The study included an impressive number of patients diagnosed with ALD, and the study has a long follow-up. This was a registry study from good quality health care in Sweden and a socialized medicine system, which means that all patients hospitalized for ALD in Sweden during the study period were included as private hospitals did not have ALD inpatients. Thus, it is a population-based study, which is a big strength without the risk of selection bias. As with other registry-based studies relying on ICD-9 and ICD-10 codes, these are not always reliable. The authors of the current study tried to validate their codes for 200 patients diagnosed with acute pancreatitis, and the positive predictive value was relatively high when accounting for missing data (86%). It was not completely clear if the accuracy of the acute pancreatitis diagnosis reported was only on the presence of AIP or if it also included biliary pancreatitis. The most common cause of acute pancreatitis in Sweden and in other neighbouring countries is biliary or gallstone-induced acute pancreatitis [8]. Thus, as the authors acknowledge, it is likely that some of the patients had biliary pancreatitis.
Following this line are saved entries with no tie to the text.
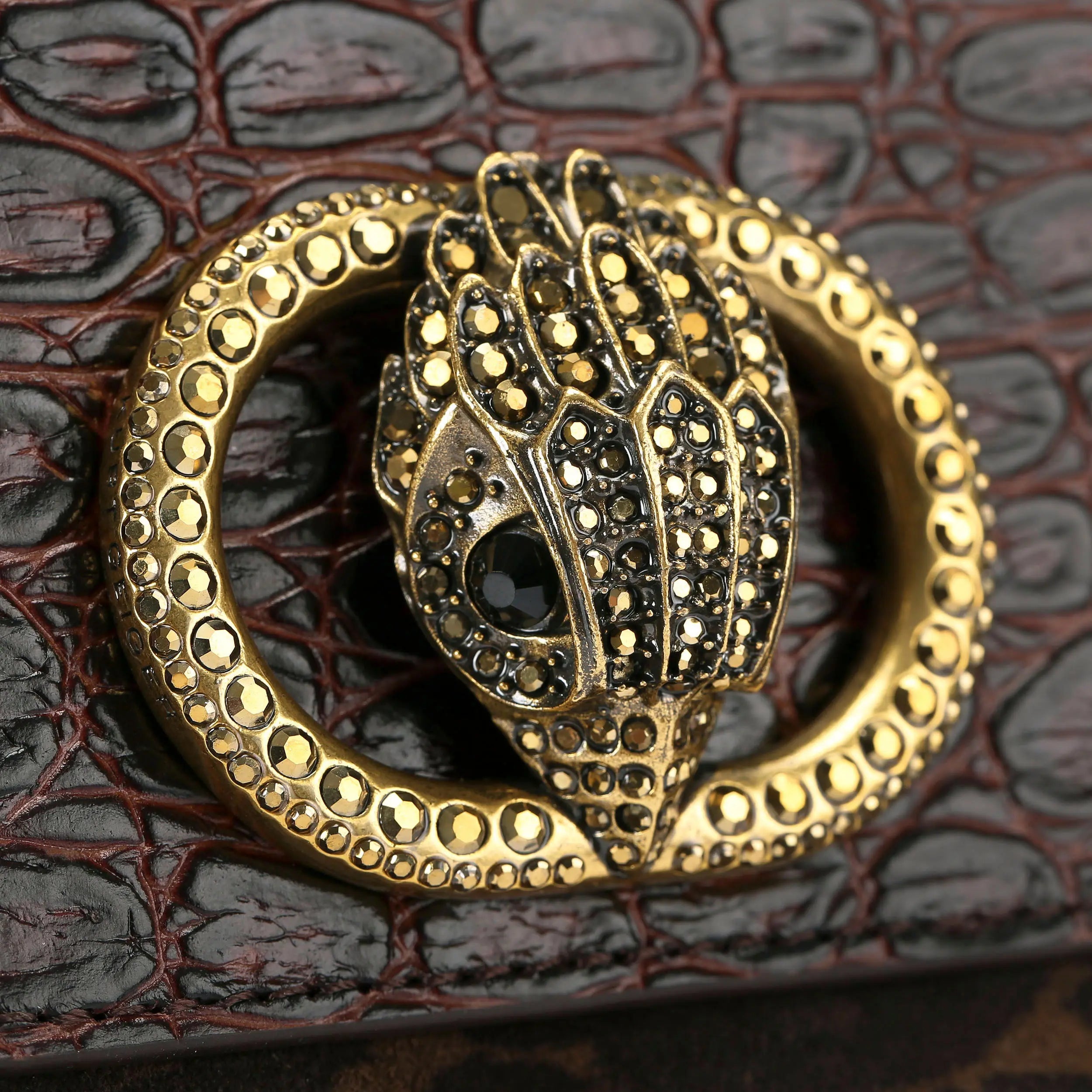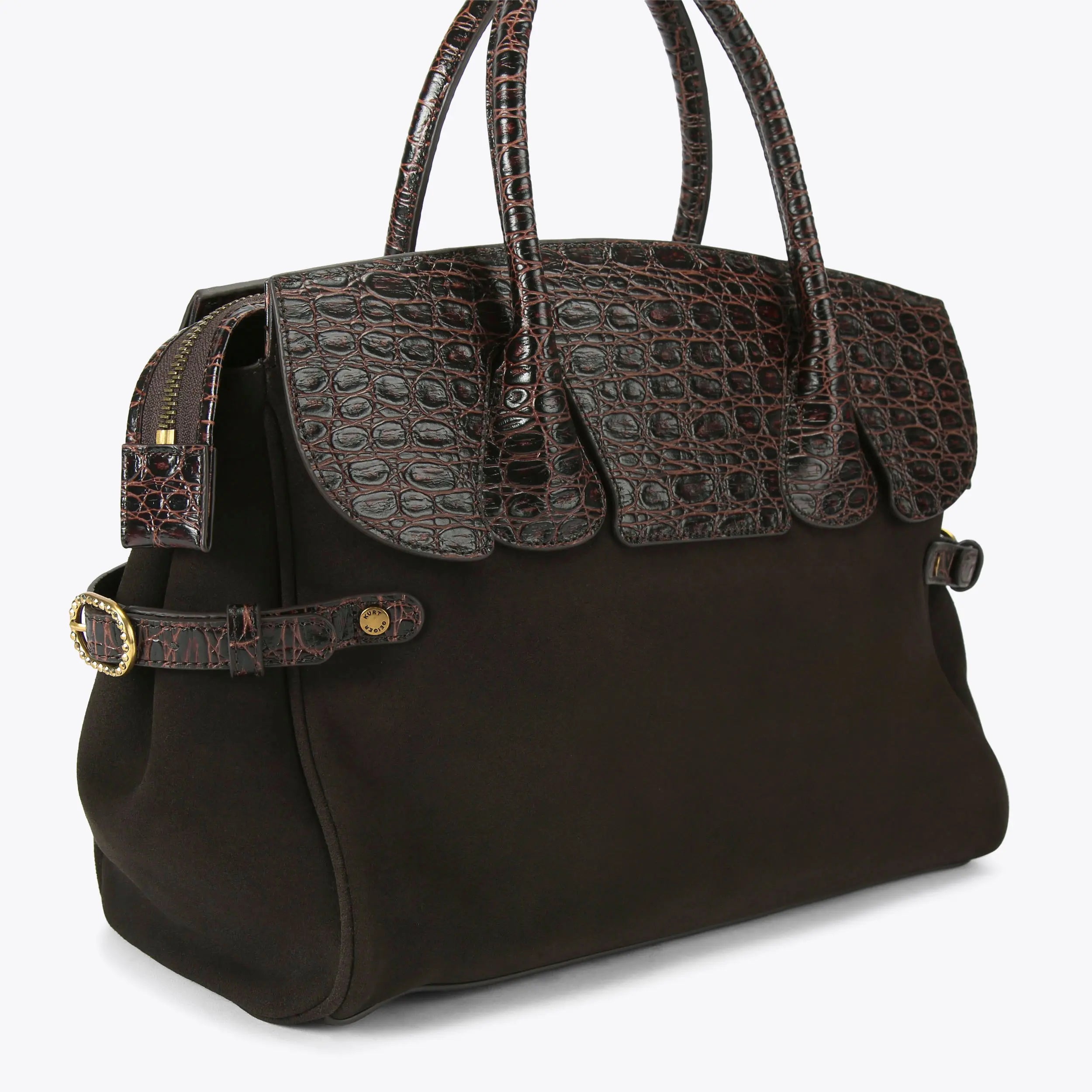 This Chelsea Drench Tote is crafted from a dark brown suede leather and the flap is embossed in a croc embossed style. There is an antiqued brass oval trim with eagle head at the centre embellished with crystals.
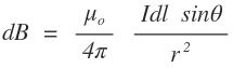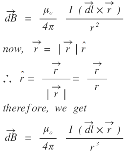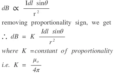 Consider a very small element PQ of length dl of a conductor carrying current I. The strength of magnetic field dB due to this small current element at a point N at a distance r from the element is found to be depending upon quantities as under.
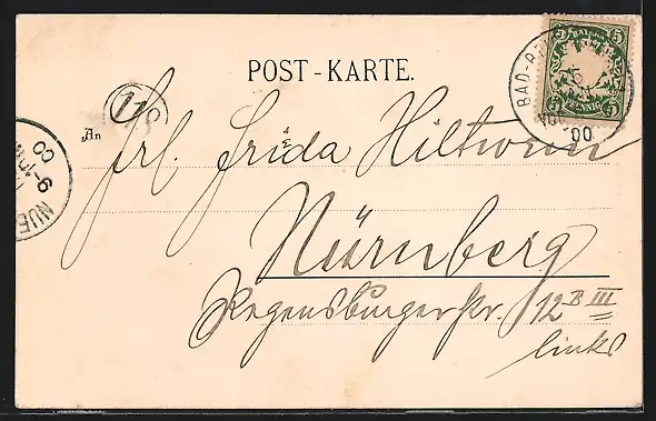 alte Ansichtskarte, gelaufen 1900, guter Zustand
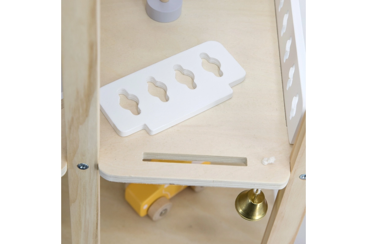 Praktiline garaaž puidust autoga ja muude lisanditega laiendab mänguvõimalusi ja toetab rollimänge.
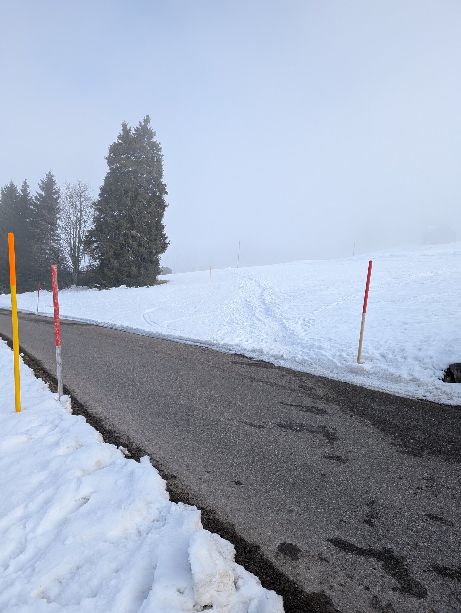 Bei der Ankunft gibt es eine Entteuschung, der Parkplatz südlich der Thur wird nicht geöffnet und wir müssen weit weg im Mutzenried parkieren. Es gibt also zuerst eine Runde Langlauf.

Furthermore, as should be expected from a registry study without scrutinization of medical records, information about the proportion of patients who managed to stop drinking alcohol was not available. Similarly, data on smoking were not available, but the authors used the diagnosis of chronic obstructive pulmonary disease (COPD) as a marker for smoking. COPD was found to be an independent predictor of the development of acute pancreatitis, which is in-line with previous studies showing that smoking increases the risk of acute and chronic pancreatitis. In the first 20 years of the study period from 1969 to 1989, before the detection of hepatitis C, some of the ALD patients might have suffered from hepatitis C. However, it is unclear how that might have affected the results. In the current study [8], a higher in-hospital mortality was observed in patients with ALD during the incident episode of acute pancreatitis compared to the comparators, 0.3% versus 0.1%. However, this was very low in absolute terms, and although reported as statistically significant, the results were hardly clinically significant.

In summary, the results of the current study are of interest and are probably, despite methodological limitations, the most reliable data published so far on the relationship between ALD and acute pancreatitis. The authors should be congratulated on all their hard work and thorough statistical analysis. However, although there is an increased risk of acute pancreatitis in patients prior to and after the diagnosis of ALD, the risk, particularly after the ALD diagnosis, is very low. Only 2.8% of the ALD patients in the current study developed acute pancreatitis after the established ALD diagnosis. It is conceivable that some patients prone to develop both ALD and AIP might have been more successful in stopping alcohol drinking due to the “antabuse” effect of the usually very painful AIP than ALD patients without prior AIP. It can be concluded that remarkably few patients with ALD also experience pancreatitis due to alcohol and vice versa. The vast majority of patients who will be hospitalized for alcoholic pancreatitis will never develop ALD. It seems that these two phenotypes, ALD and AIP, have very different genetic risks [9, 10].

The author declares no conflicts of interest.